Comment by Vladislav Vaintroub [ 2021-10-22 ]

I removed "Critical". It can't be critical. It is probably also not "Major"

Comment by Vladislav Vaintroub [ 2021-10-22 ]

marko comments, that there is no partitioning. So, could you please verify that, and file a non-partitioning, most simplified example, ideally with 2-3 threads, or with as few threads as possible.

Comment by Vladislav Vaintroub [ 2021-10-22 ]

Roel, also what is "partial hang". It is either a hang, or not a hang. There can't be a partial hang, just like there is no way to be only a little bit pregnant.

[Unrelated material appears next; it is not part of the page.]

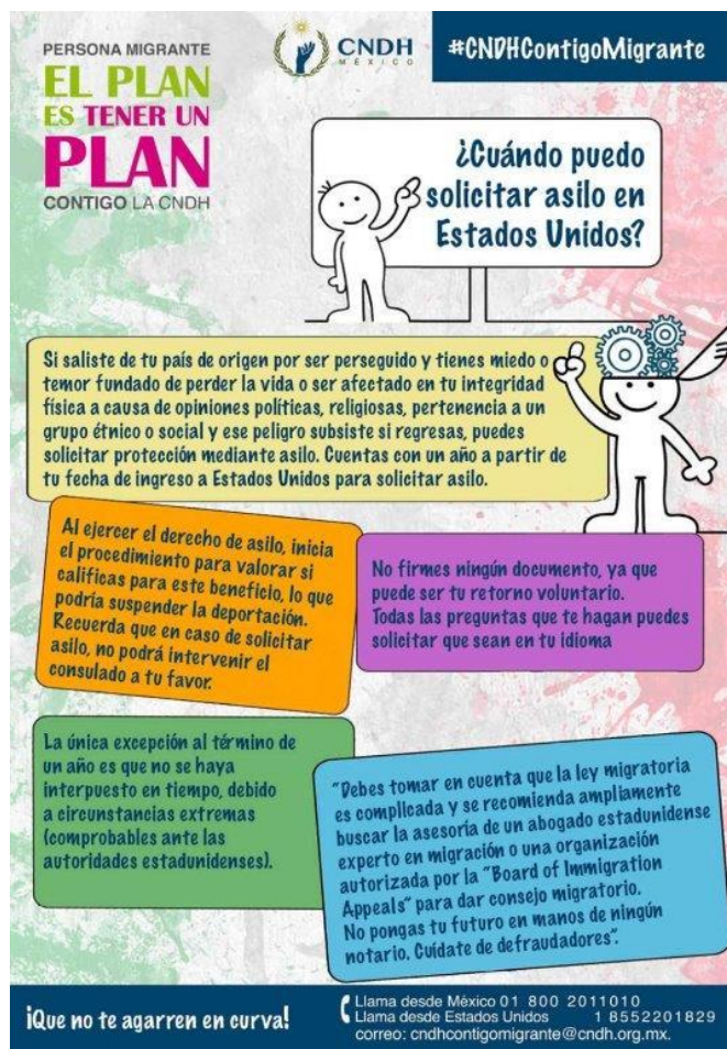
Ilustración 7: ¿Cuándo puedo solicitar asilo en los estados unidos? CNDH 2018. (Comisión Nacional de los Derechos Humanos, 2018)

Comment by Roel Van de Paar [ 2021-10-22 ]

wlad Please feel free to call or describe it as you please. The best term I could find to describe the behavior I am seeing is a partial server hang; some operations (like CLI client access, executing SHOW PROCESSLIST etc.) are still possible, while at the same time a lot of the threads are in some form of long-duration (30 min+) hanging or locked situation, with at times some threads continuing to process a few transactions only. That, to me, seems to be most accurately described as a partial sever hang, and is offset from a full server hang where for example nothing is possible, like no CLI access and no thread interaction of any kind after the hang was established, or a deadlock situation which times out etc.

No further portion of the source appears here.